*** Opening PROVIDED DATA ***

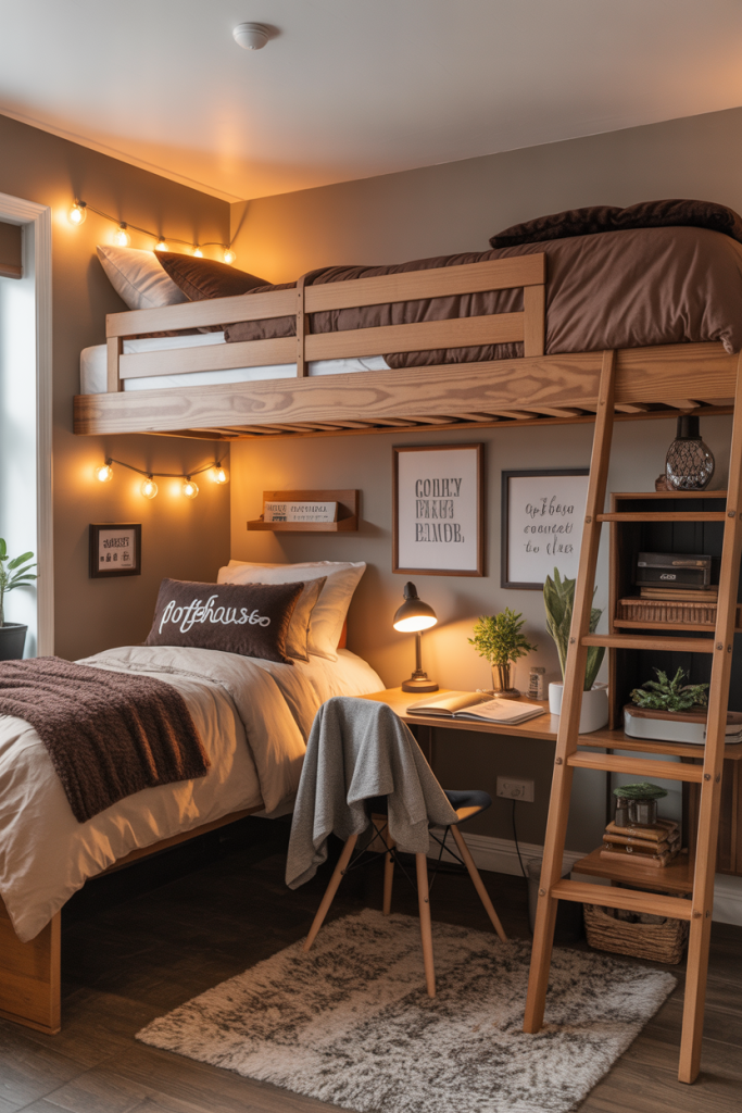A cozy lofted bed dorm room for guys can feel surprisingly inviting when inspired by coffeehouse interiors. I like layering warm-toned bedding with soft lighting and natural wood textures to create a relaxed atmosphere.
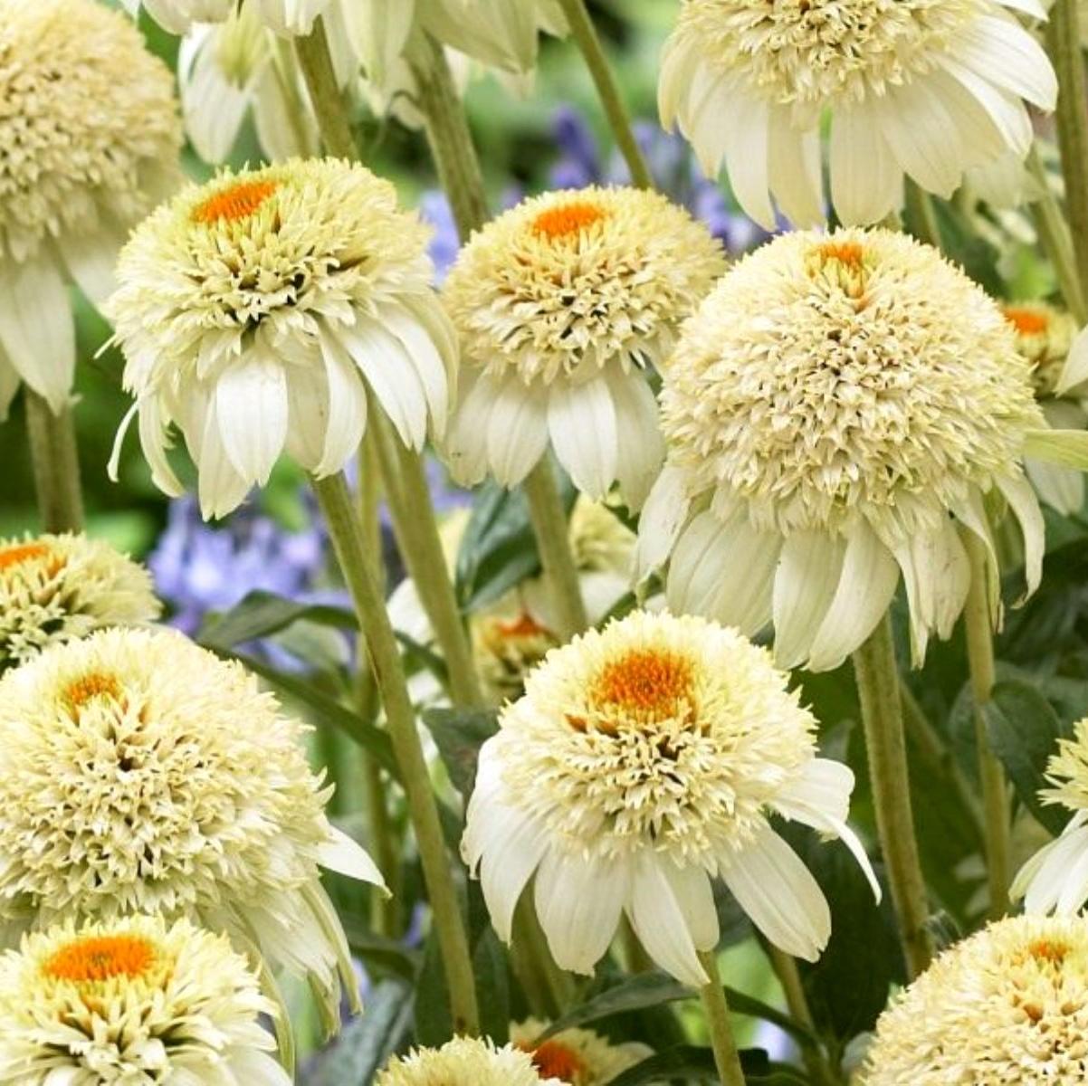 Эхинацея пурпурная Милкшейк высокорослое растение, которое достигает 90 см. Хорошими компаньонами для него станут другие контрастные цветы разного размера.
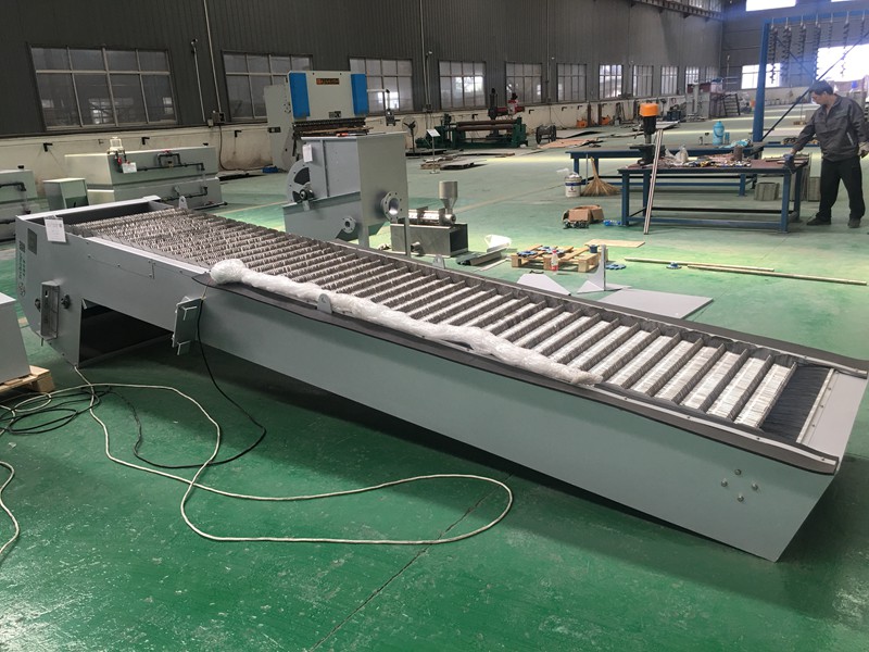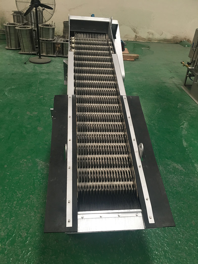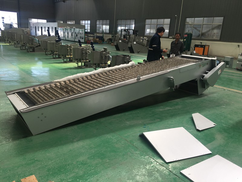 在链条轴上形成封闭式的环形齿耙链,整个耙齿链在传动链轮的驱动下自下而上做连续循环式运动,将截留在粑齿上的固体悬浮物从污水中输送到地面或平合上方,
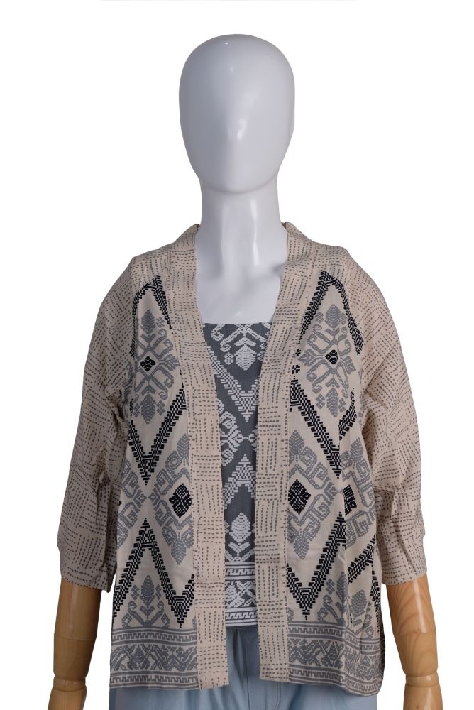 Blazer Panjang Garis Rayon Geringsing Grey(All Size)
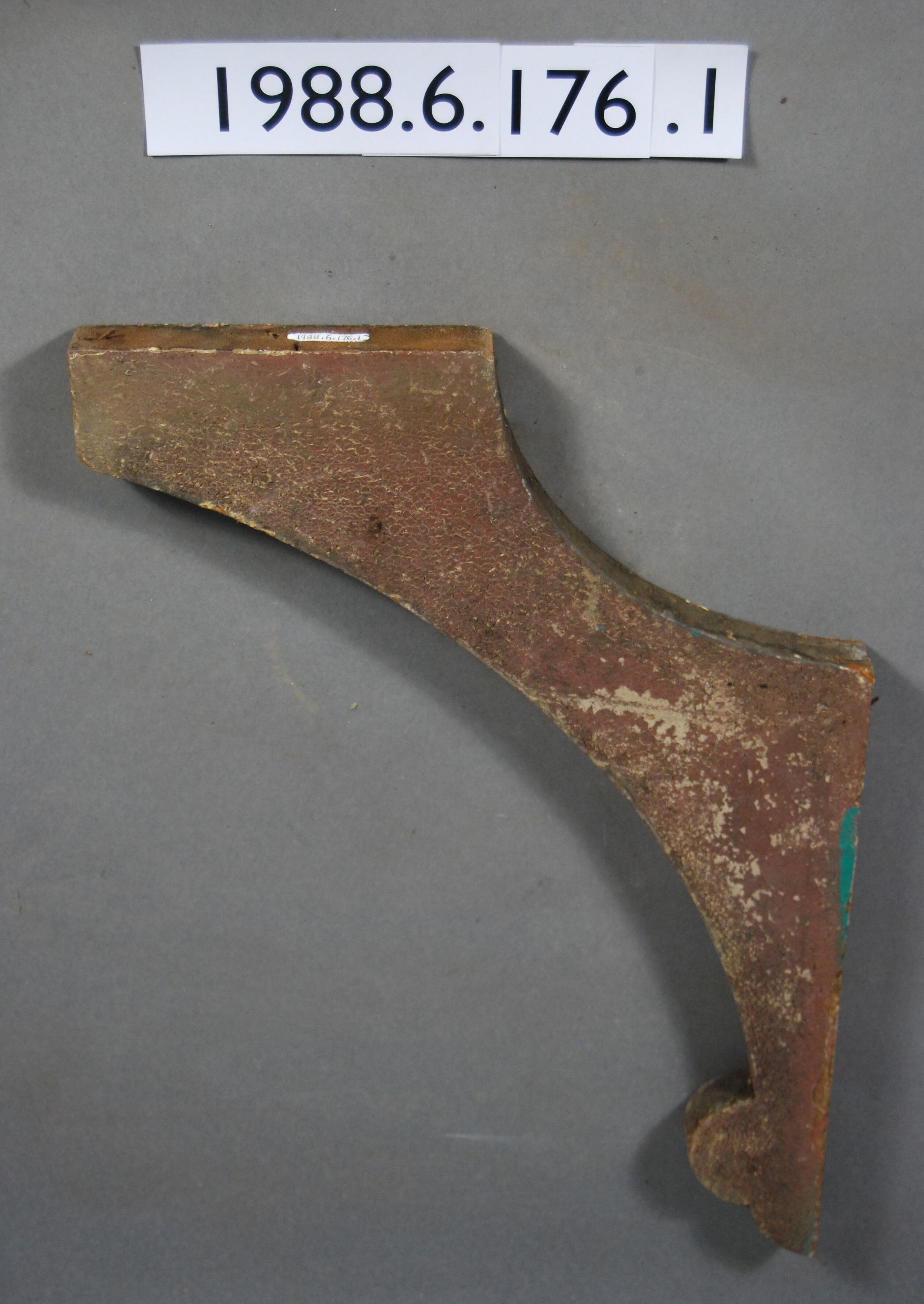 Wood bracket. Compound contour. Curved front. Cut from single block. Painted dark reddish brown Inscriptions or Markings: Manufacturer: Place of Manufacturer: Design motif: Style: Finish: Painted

*** Closing PROVIDED DATA ***

→ WORK TO BE COMPLETED:
Would you restate the records above word for word and exclude the pictures?

→ ANSWER SECTION:
A cozy lofted bed dorm room for guys can feel surprisingly inviting when inspired by coffeehouse interiors. I like layering warm-toned bedding with soft lighting and natural wood textures to create a relaxed atmosphere.
 Эхинацея пурпурная Милкшейк высокорослое растение, которое достигает 90 см. Хорошими компаньонами для него станут другие контрастные цветы разного размера.
 在链条轴上形成封闭式的环形齿耙链,整个耙齿链在传动链轮的驱动下自下而上做连续循环式运动,将截留在粑齿上的固体悬浮物从污水中输送到地面或平合上方,
 Blazer Panjang Garis Rayon Geringsing Grey(All Size)
 Wood bracket. Compound contour. Curved front. Cut from single block. Painted dark reddish brown Inscriptions or Markings: Manufacturer: Place of Manufacturer: Design motif: Style: Finish: Painted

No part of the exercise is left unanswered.